2. Calculate loss and get gradients

outputs = model(input_ids, labels=input_ids.clone(), attention_mask=mask)
outputs.loss.backward()
embed_grads = model.get_input_embeddings().weight.grad
grads = embed_grads[input_ids[:,:-2]]

3. Compute new embeddings $\tilde{x}$ and return the new discrete word units, whose embedding representations are closest to the new embeddings by cosine distance. Note that we subtract the gradient here, because we’ve provided the output that we want the model to produce, and hence want to minimize the loss instead of maximising in the original FGSM formulation.

from sklearn.metrics.pairwise import cosine_similarity

eps = 0.8
original_embeds = model.get_input_embeddings().weight[input_ids[:,:-2]]
new_embeds = original_embeds - eps*torch.sign(grads).to(model.device)
vals = cosine_similarity(new_embeds.detach().cpu().numpy().squeeze(0), model_embeds.detach().cpu().numpy())

4. Check what the new adversarial input is and what it generates:

with torch.no_grad():
  adv_input = tokenizer.decode(torch.tensor(np.argmax(vals, axis=1)))
  out = model.generate(tokenizer.encode(adv_input, return_tensors='pt').to(model.device)
  print("adversarial input:", adv_input)
  print("output:", tokenizer.decode(out.squeeze(0)))

At epsilon 0.7, we get the adversarial input

Input: "hey said are we doing? 'm doing fine" 
Output: " but I'm not sure if we're doing"

At epsilon 0.8, we get the adversarial input

Input: "hey saiddy we doing? 'm doing fine,"
Output: "but I'm not sure if I'm going"

Could be a gentle way of saying “Fuck off”?

Observations contrasting NLP with CV

The fast gradient sign method is much more effective in images, where changes in pixel values could have immediate effects, whereas in NLP we need to discretise the embeddings back to words, so epsilon ended up being pretty high as it needed to change the embeddings sufficiently.
We are restricted to only modifying the same number of tokens. If the input had 5 tokens, this method wouldn’t allow us to add the 6th or 7th (or delete tokens for that matter), so there’s a whole space of possible valid inputs that we aren’t able to explore.
We didn’t properly constrain this to the space of malicious outputs. For example, we could try to find adversarial inputs for “your hair looks terrible” and that would still be a valid adversarial attack close to the original input. The problem here is that in vision (most) misclassifications are good enough for an adversarial attack, but in NLP we should have a subset of valid model outputs and we can’t even really define what this subset of valid model outputs is.

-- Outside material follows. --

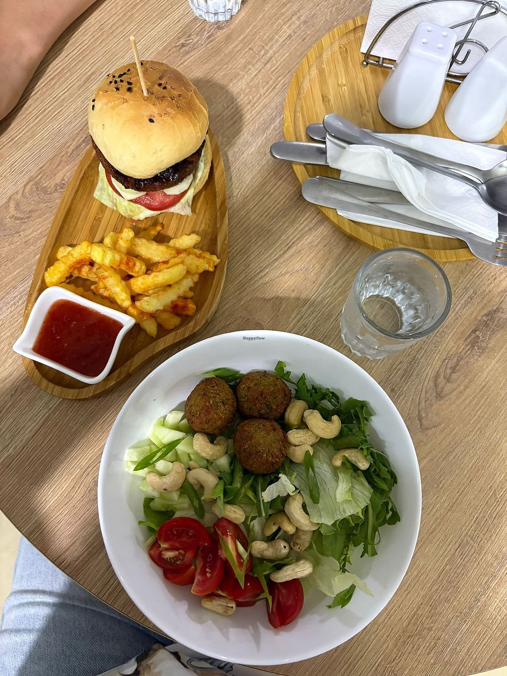 De burgers hier zijn erg klein en vullen totaal niet en je krijgt ook weinig frietjes erbij. De gekarameliseerde ui, de sausjes en het broodje zelf was wel lekker, maar de falafelburger zelf niet. Op die manier maar goed dat het klein was haha. De salade die mijn vriendin zelf had samen gesteld viel wel in de smaak en vond ze lekker.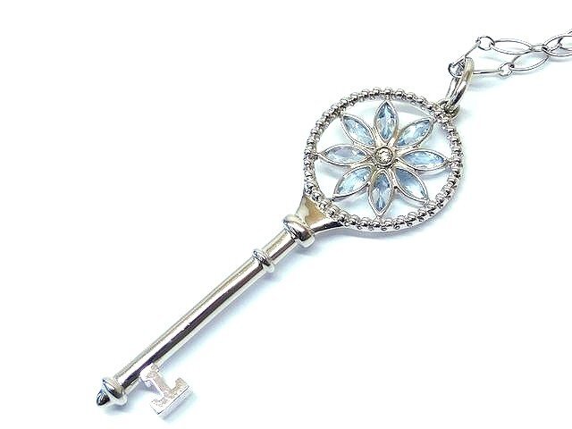 > 美品 ティファニー ダイヤ アクアマリン デイジーキー ネックレス ☆ K18 WG ホワイトゴールド レディース TIFFANY&Co.□6F6I7HS

P.S There are certainly more advanced ways of generating adversarial NLP examples in the literature, e.g Alzantot et al., 2018. I was just curious about the textbook method.

References

Alzantot, M., Sharma, Y., Elgohary, A., Ho, B. J., Srivastava, M., & Chang, K. W. (2018). Generating natural language adversarial examples. arXiv preprint arXiv:1804.07998.

Goodfellow, I. J., Shlens, J., & Szegedy, C. (2014). Explaining and harnessing adversarial examples. arXiv preprint arXiv:1412.6572.